Treatment options for patients with mitral regurgitation (MR) and mitral annular calcification (MAC) are limited. The limitations of current transcatheter mitral valve replacement (TMVR) technologies include high screen failure rates, increased risk of left ventricular outflow tract obstruction, and high residual regurgitation. The aim of this study was to evaluate outcomes of TMVR with the AltaValve system (4C Medical, Maple Grove, MN), a supra-annular TMVR with atrial fixation, in patients with severe MR and moderate or severe MAC. Six patients with moderate or severe MAC who were treated with AltaValve TMVR had procedural and mid-term outcomes available. Technical success was achieved in all patients. Median follow-up was 232 days. At discharge, 80% of patients had none/trace MR, and 20% had mild MR. There was no intraprocedural mortality, device malposition, embolization, or thrombosis. One patient expired 3 days postprocedure due to complications related to the transapical access. All other patients were discharged from the hospital without issues. Echocardiography assessments at 30 days showed complete resolution of MR in all patients, with 1 patient with mild MR and a mean mitral valve gradient of 3.7 ± 1.4 mmHg. All patients were in New York Heart Association Class I/II at 30-day follow-up, showing marked improvement as compared with baseline. In patients with severe MR and severe MAC, the AltaValve TMVR technology may represent a viable treatment option.

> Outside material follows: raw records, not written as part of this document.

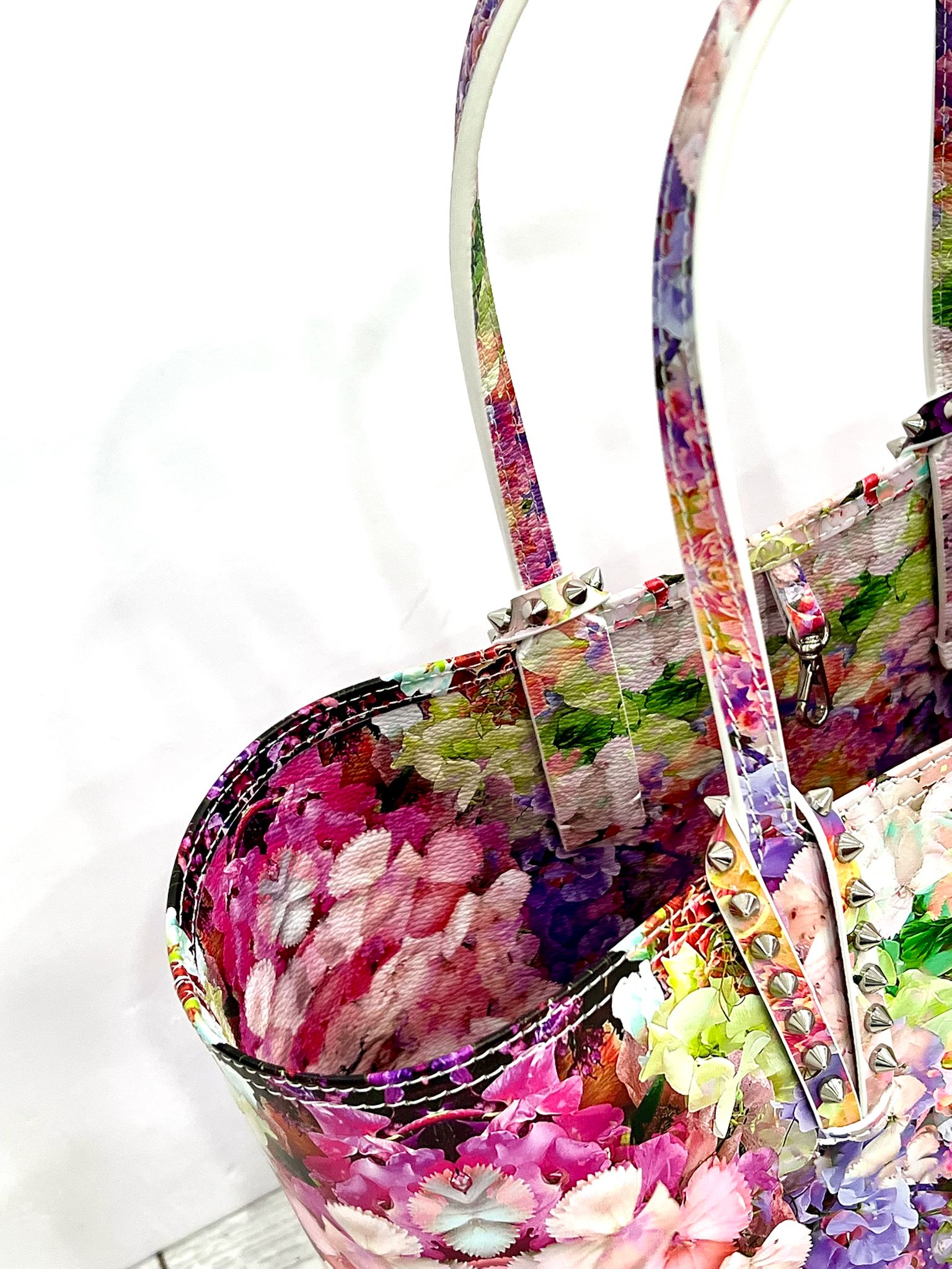 Add a vibrant statement to your collection with this stunning Christian Louboutin Mini Cabata Tote, exquisitely crafted in calfskin leather featuring a bold multicolor floral print. This eye-catching tote combines artistic flair with refined craftsmanship, making it a perfect accessory for both everyday wear and standout moments.
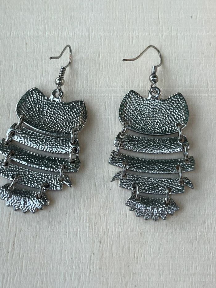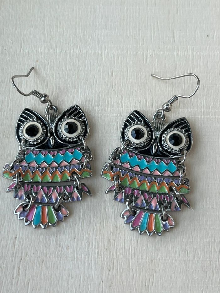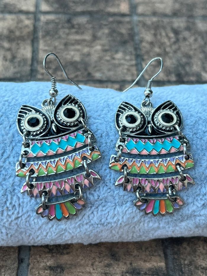 Boucles d’oreilles pendantes hiboux multicolore fantaisie parfait état - photo numéro 1
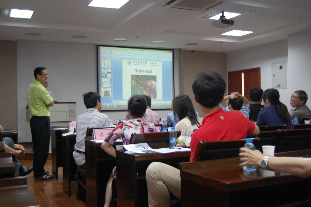 吴益东教授向来宾表示欢迎,介绍了植保学院的组织架构,以及昆虫系的科研环境和研究方向;并建议我校和中国农大植保教学科研人员,要紧紧围绕国家需求,相互协作、共同发展。沈杰教授介绍了中国农业大学昆虫学系主要研究方向和人员,对南农大昆虫系为成功举办本次交流会的组织和安排表示感谢。
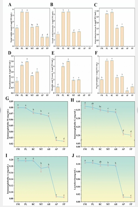 生鲜牛乳营养丰富,是所有哺乳动物新生儿的生命基础,是自然界设计的唯一完整食物。从这个意义上讲,牛乳是人类饮食中蛋白质和微量营养素的主要来源之一,可为婴幼儿提供生长发育所需的营养以及免疫保护。生鲜牛乳营养丰富的同时,也成为了微生物最适合的培养基。生鲜牛乳的加工过程主要包括现挤鲜乳阶段(FM)、预冷阶段(PL)、冷藏罐阶段(RC)、运奶车运输阶段(MT)、均质化后阶段(AH)、巴氏杀菌后阶段(AP)、灌装成品阶段(FP)。然而,环境中的微生物可以在多个加工阶段进入乳品供应链,并伴随着各种微生物的生长繁殖和酶促反应过程,导致生鲜牛乳的营养品质和安全性变差。因此,为了弥合关于工业加工过程中腐败微生物群和蛋白质降解动力学之间机制相互作用的这一关键知识差距,通过采用综合微生物组学和蛋白质组学方法,阐明了动态降解机制。本研究旨在确定在不同加工阶段导致蛋白质降解的关键微生物驱动因素及其相关蛋白水解酶。此外,本文量化了微生物酶活性和热处理对牛奶蛋白质质量整体降解的相对贡献。建立了时间依赖性降解模型,以阐明整个生鲜乳加工链中质量恶化的协同机制。本研究的结果为优化鲜奶加工中的质量控制方案提供了理论依据。
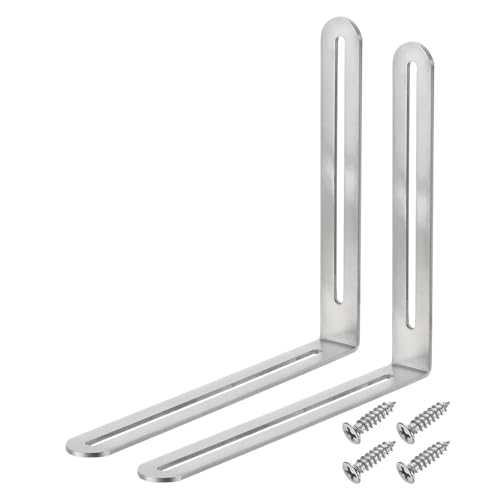 uxcellのL字型棚受け(20cm)は、スロット付きで調節可能。2個セットのステンレス製補強金具により、家具や棚の固定に最適。シルバーのデザインで、耐久性も抜群です。

The atrial fixation minimizes the risk of left ventricular outflow tract obstruction and potentially expands treatable patients, especially in patients with MAC.

© 2024 The Author(s).

P. Généreux has been a consultant for 4C Medical, Abbott Vascular, Abiomed, Boston Scientific, CARANX Medical, Cardiovascular System Inc, Edwards Lifesciences, GE Healthcare, iRhythm Technologies, Medtronic, Opsens, Pi-Cardia, Puzzle Medical, Saranas, Shockwave, Soundbite Medical Inc, and Teleflex; has been an advisor to Abbott Vascular, Abiomed, BioTrace Medical, Edwards Lifesciences, and Medtronic; has received speaker fees from Abbott Vascular, Abiomed, BioTrace Medical, Medtronic, Shockwave, and Siemens; has been a principal investigator of 4C Medical for a feasibility study, Cardiovascular System Inc for Eclipse Trial, and Edwards Lifesciences for EARLY-TAVR and PROGRESS trials; holds equity in Pi-Cardia, Puzzle Medical, Saranas, and Soundbite Medical Inc; and has been a proctor for and received institutional grants from Edwards Lifesciences. Krzysztof Wróbel is a consultant and proctor for 4C Medical. M. J. Rinaldi is a consultant for Abbott Vascular, a consultant for Edwards Lifesciences, a consultant for Bostin Scientific, a consultant for Johnson and Johnson, a consultant for Abiomed, and a consultant for Shockwave Medical. T. Modine served on the advisory board of Medtronic, Valfix, and Valcare, is a consultant for Abbott, Edwards Lifesciences, Microport, GE, and Boston Scientific, received research grants from Edwards Lifesciences, Medtronic, and Abbott, and is the principal investigator of Apollo trial, Trinity study, and Neocord study. V. Bapat is a consultant for Edwards Lifesciences, Medtronic, Abbott, Boston Scientific, and Anteris. V. Ninios is a proctor for 4C Medical, Abbott, and Boston Scientific. P. Sorajja served on the advisory boards of 4C Medical, Abbott Structural (Cephea, Global Valve Masters, Global Complexity Score, Tricuspid Advisory Board), Boston Scientific SHV Strategic Advisory Board, Boston Scientific Advisory Board, Medtronic Structural Advisory Board, and VDyne Advisory Board. Serves as a consultant for 4C Medical, Abbott Structural, Adona, Boston Scientific, Edwards Lifesciences, Foldax, GE Medical, GLG, Medtronic, Phillips, Siemens, WL Gore, vDyne, xDot. Serves as National or Global Principal Investigator of TRILUMINATE Pivotal US Trial, SUMMIT MAC Pivotal Trial, EXPAND 2 Pivotal US Trial, HighLife (USA) EFS, and VDyne EFS.